Canine IL-13Rα2 CAR T Cells Control Canine Tumor Growth (A) mRNA-electroporated Hu08BBz canine CAR T cells were co-cultured with canine tumor cell lines (Camac2, CLBL-1, GL-1, Cacal3, Cacal5, BW-KOSA, CS-KOSA, MC-KOSA, SK-KPSA, and J3T). Canine IFNγ secretion was detected with ELISA and compared the stimulation with un-transduced canine T cells. (B) Vector maps of anti-IL-13Rα2 human Hu08BBz CAR structure (Hu08HuBBz) and canine Hu08BBz CAR structure (Hu08CaBBz). (C) mRNA-electroporated Hu07HuBBz, Hu08HuBBz, and Hu08CaBBz canine CAR T cells co-cultured with CLBL1 and J3T tumor cell lines.

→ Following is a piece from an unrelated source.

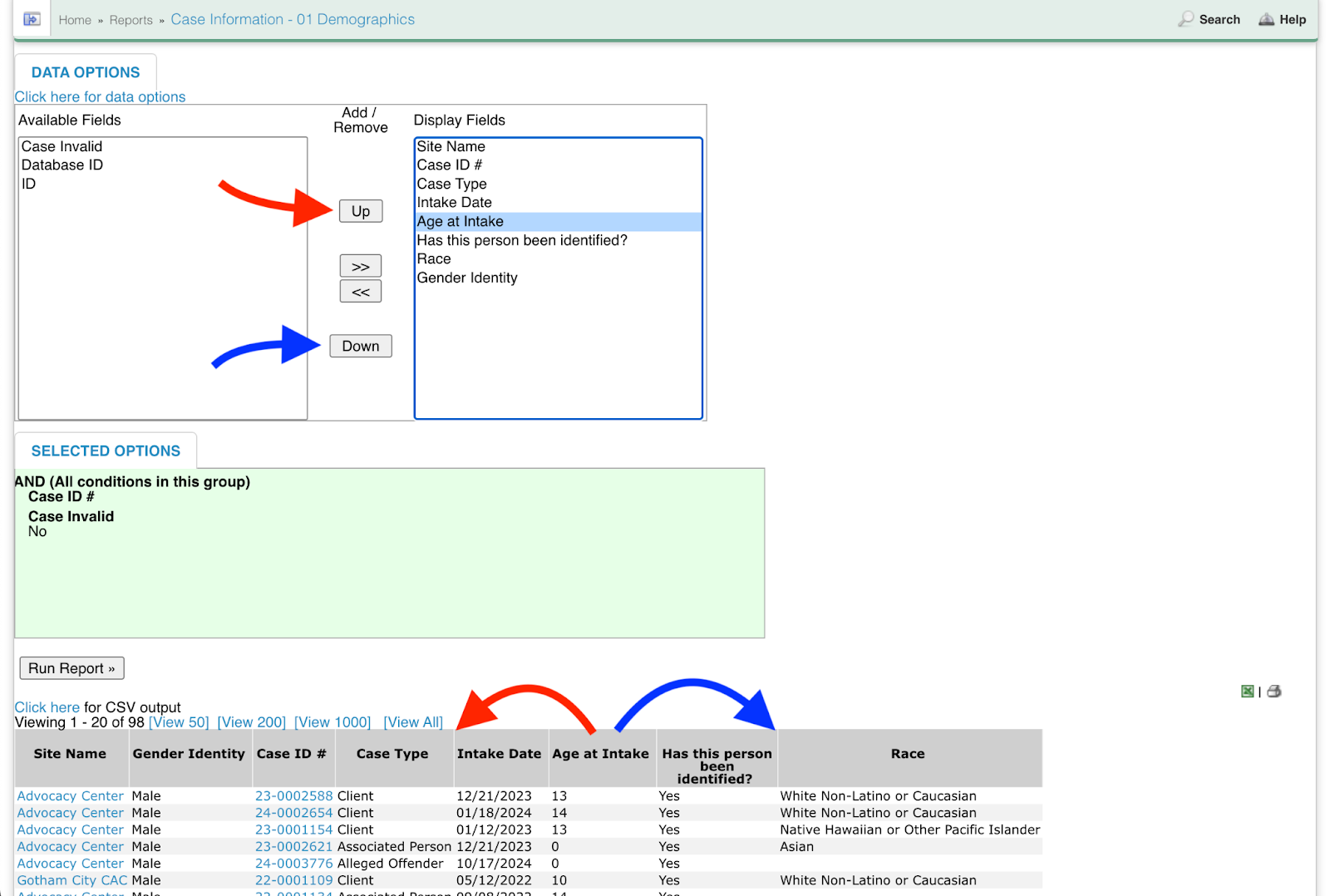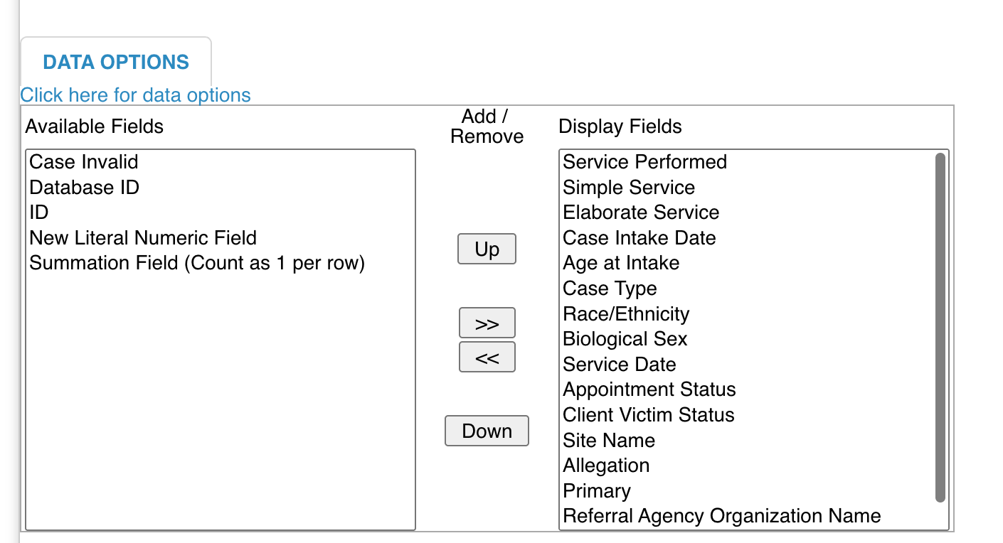 Users can change the ordering of columns by clicking the “Up” and “Down” buttons. Clicking “Up” will move the selected Display Field one position to the left. Clicking “Down” will move the selected Display Field on position to the right.
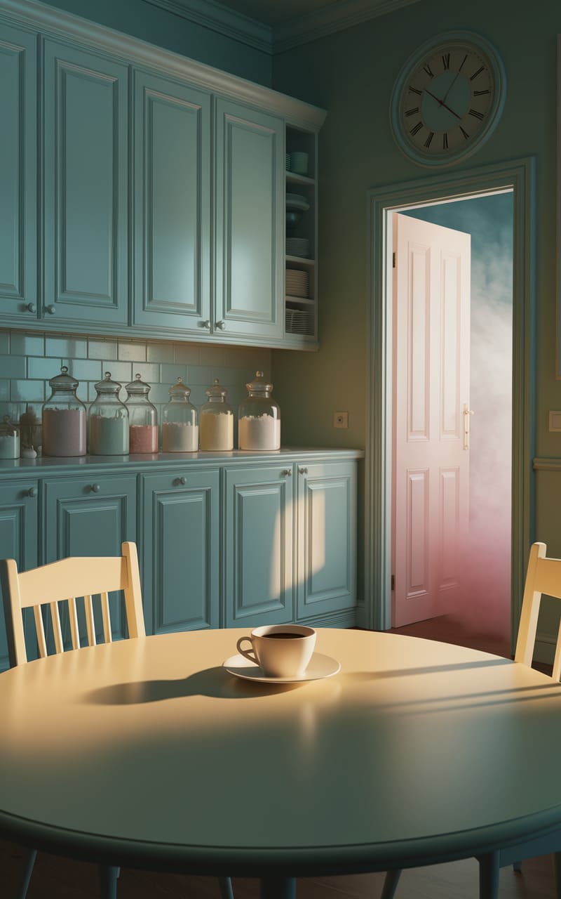The kitchen shimmered, a pastel mirage where the soft blue hues of the cabinets bled into the walls, blurring the lines between solid and dream. Twin orbs of light hung suspended, casting a warm glow that felt both inviting and strangely detached, as if the room existed just beyond the veil of waking reality. The perfectly arranged dishes in the arched shelves hinted at a meal perpetually prepared but never consumed, a tableau of domesticity trapped in the amber of a half-remembered memory.

Canine IFNγ secretion was detected with ELISA. Unpaired t test was used to determine the statistically significant difference of IFNγ secretion between Hu08HuBBz and Hu08CaBBz co-cultured with J3T glioma cells. (D) J3T canine glioma cell line orthotopically implanted into the NSG mouse brain. 12 million electroporated Hu08HuBBz, Hu08CaBBz, or un-transduced canine T cells were i.v. injected into the mouse model (n = 4 per group) on days 7, 10, and 13 after tumor implantation. Tumor growth was evaluated by bioluminescence imaging every 3–4 days. Statistically significant differences of tumor growth were determined by linear regression. (E) The canine T cells used on the second injection on day 10 were analyzed for CAR expression and canine IFNγ secretion after co-culture with the J3T tumor cell line. Canine CD4 was stained to distinguish the canine CD4- and CD8-positive subgroups along the x axis. ns, not significant; **p < 0.01, ****p < 0.0001. Data are presented as means ± SEM.